The marginal band has shot up in popularity, not because of its brimming talent, so much as the way it revealed its contentions against the Putin regime. The trials, for one, were considered Stalinist show trials in the good Soviet tradition. But there is a twist.  Yes, the protest in Church was considered by many Russians to be an outrage.  To Moscow lawyer Alexi Navalny and professed Orthodox Christian, “the action was itself despicable”. The punitive response was, however, a “heathen act of revenge.”[2]  No icons were desecrated, and nothing destroyed.  Stupidity, surmises Navalny, is not a crime.

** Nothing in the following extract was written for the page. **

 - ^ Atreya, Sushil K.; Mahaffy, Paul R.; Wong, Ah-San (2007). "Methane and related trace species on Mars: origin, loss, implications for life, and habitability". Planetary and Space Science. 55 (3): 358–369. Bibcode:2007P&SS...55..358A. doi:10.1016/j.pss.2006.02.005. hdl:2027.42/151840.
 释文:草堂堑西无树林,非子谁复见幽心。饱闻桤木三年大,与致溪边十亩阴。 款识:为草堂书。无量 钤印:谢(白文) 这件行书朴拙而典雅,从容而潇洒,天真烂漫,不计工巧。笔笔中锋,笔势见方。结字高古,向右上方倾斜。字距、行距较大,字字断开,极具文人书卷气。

The comparison to a Stalinist show trial is hard to make given that the protest was filmed and very public.  Michael White, writing in The Guardian, saw it as a case of a shadowy legal system and a general slide into “authoritarianism”.[3]  A global murmur has been registered, with protest groups doing everything from shedding their clothes to sawing down crosses (witness the actions of the Ukrainian protest group FEMEN).[4]  Protesters have had their mouths sewn in solidarity.

The affair, however, is a murky one.  The band is on firm ground in so far as their conviction shows heavy-handedness – two year convictions in a labour camp suggests the jerkiness of the regime, a terror, perhaps, that women are now joining the ranks of protest.  Tolokonnikova speaks of this with satisfied martyrdom.  “This system delivered a verdict on itself, by sentencing us to two years in prison although we committed no crime, and of course, I’m glad about that.”[5]

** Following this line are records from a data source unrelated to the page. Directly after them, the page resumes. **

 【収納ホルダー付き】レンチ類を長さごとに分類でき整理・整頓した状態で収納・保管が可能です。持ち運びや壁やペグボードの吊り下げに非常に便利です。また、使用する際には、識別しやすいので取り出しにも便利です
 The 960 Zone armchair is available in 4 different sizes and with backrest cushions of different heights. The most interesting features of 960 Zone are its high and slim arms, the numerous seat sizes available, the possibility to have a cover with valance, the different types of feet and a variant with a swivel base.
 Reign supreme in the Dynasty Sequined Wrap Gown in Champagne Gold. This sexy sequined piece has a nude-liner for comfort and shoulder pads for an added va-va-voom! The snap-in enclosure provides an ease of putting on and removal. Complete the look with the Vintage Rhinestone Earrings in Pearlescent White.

Revolts, even against the most brutal despots, are never neatly patterned incidents.  They contain in them the seeds of contradiction that, when they grow, puzzle those who choose to simplify them.  Persecution tendencies may well be detected in the reaction of the authorities, but the extreme disposition of the three women suggest that authoritarianism is never far from the debate. Extremes, in short, breed extremes.

For one group, the Kingdom of God has become a state front.  The state under Putin has veered towards stern traditionalism where petro currency is linked to the Church.  The band in question has suggested another, more pungent approach.  For them, sexual strictures are just that, a patriarchal nonsense in need of a good trashing.

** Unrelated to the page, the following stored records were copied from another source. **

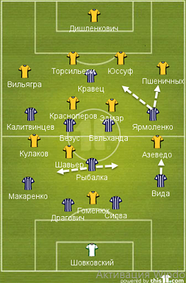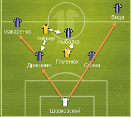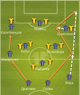 Первый – отыгрыш мяча через Шовковского (см. схему выше). Основная его идея – оттяжка прессингующих игроков соперника в центр и быстрая доставка мяча на фланги. Следует отметить, что на левый фланг мяч чаще доставлялся горизонтально по магистрали через Драговича, который при приеме паса от вратаря уверенно ставил корпус. При доставке мяча на правый фланг чаще следовали вертикали. Это было обусловлено успешными действиями на верховых мячах со стороны Виды.
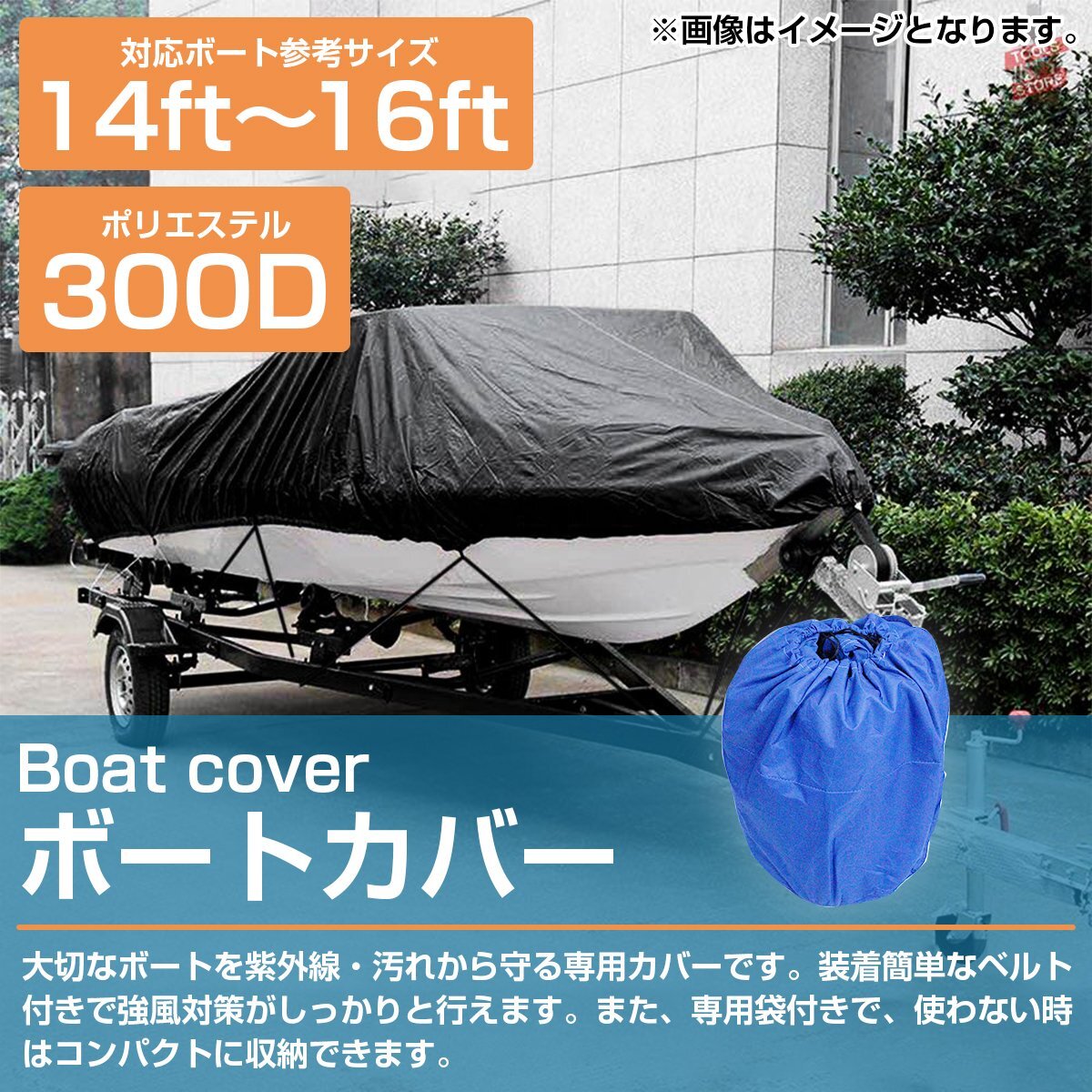 『14ft-16ft 青/ブルー』300D 防水 ボートカバー 全長約540cm×幅約290cm 船体 カバー アルミボート 船 ボート 保管 船舶
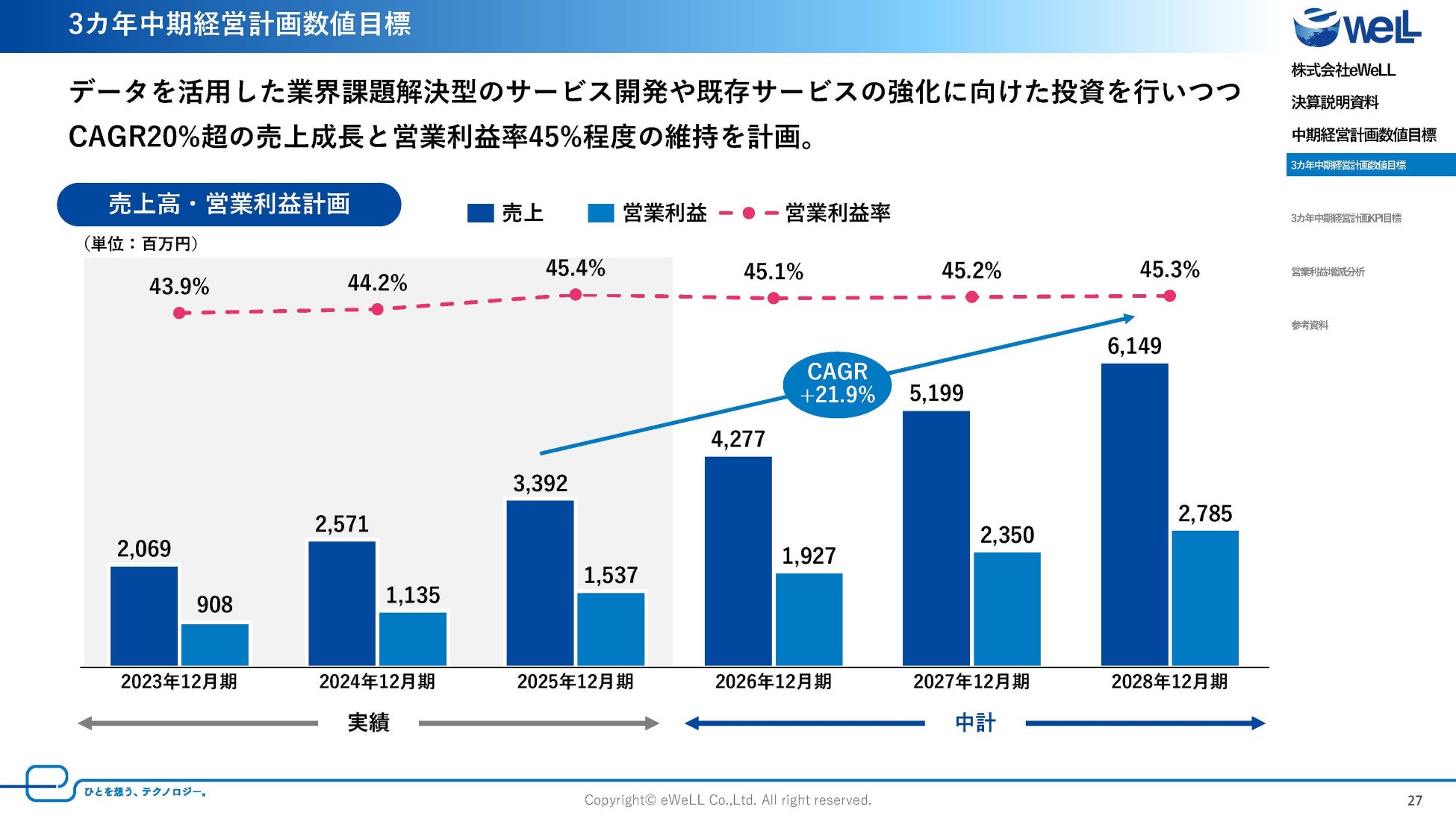 中期経営計画の中では、引き続き20%を超える売上高成長と高い営業利益率を両立する事業モデルにより、安定的かつ高いキャッシュフローを創出できる事業構造を有しております。

Every day, limitations are placed on behaviour in public places, be they of worship, travel or otherwise.  They exist with a burdensome presence that has become all too real, though many in a political and religious community would accept them. Laws against obscenity and public nuisance exist, even in the most liberal societies.  And what of the protest on religious premises, holy ground, as it were?  Few would protest if the Israeli authorities took stern measures against those who would deface the Wailing Wall.  What matters in such instances is the sheer disproportionate nature of the punishment.

The Pussy Riot demonstration has also provided another angle in this debate.  How “hurt” is measured in exacting punishment or compensation is law’s permanent challenge.  A Siberian case is afoot where three people are claiming damages against Pussy Riot for their church indecencies.  One is Irina Ruzankina, who is being represented by Alexei Krestyanov.  “She suffered because this punk group performed their punk prayer in a place where they should not have, in a place where she worships and that she considers sacred.”[6]  30,000 roubles is being demanded in compensation.  Krestyanov, it must be said, is ambitious, intending to launch 12 lawsuits against the band members, each representing the 12 apostles of Jesus Christ.

What is unfortunate about the debate surrounding the band members will be how martyrdom, something this fringe band have yearned for, will be bestowed upon them.  The loud clarion calls will die, leaving a confused reaction against the group. What the band members will do with their sentence will be what history has done to Russia’s revolutionaries, genuine or pop – immortalise them then, when the time is appropriate, ignore them.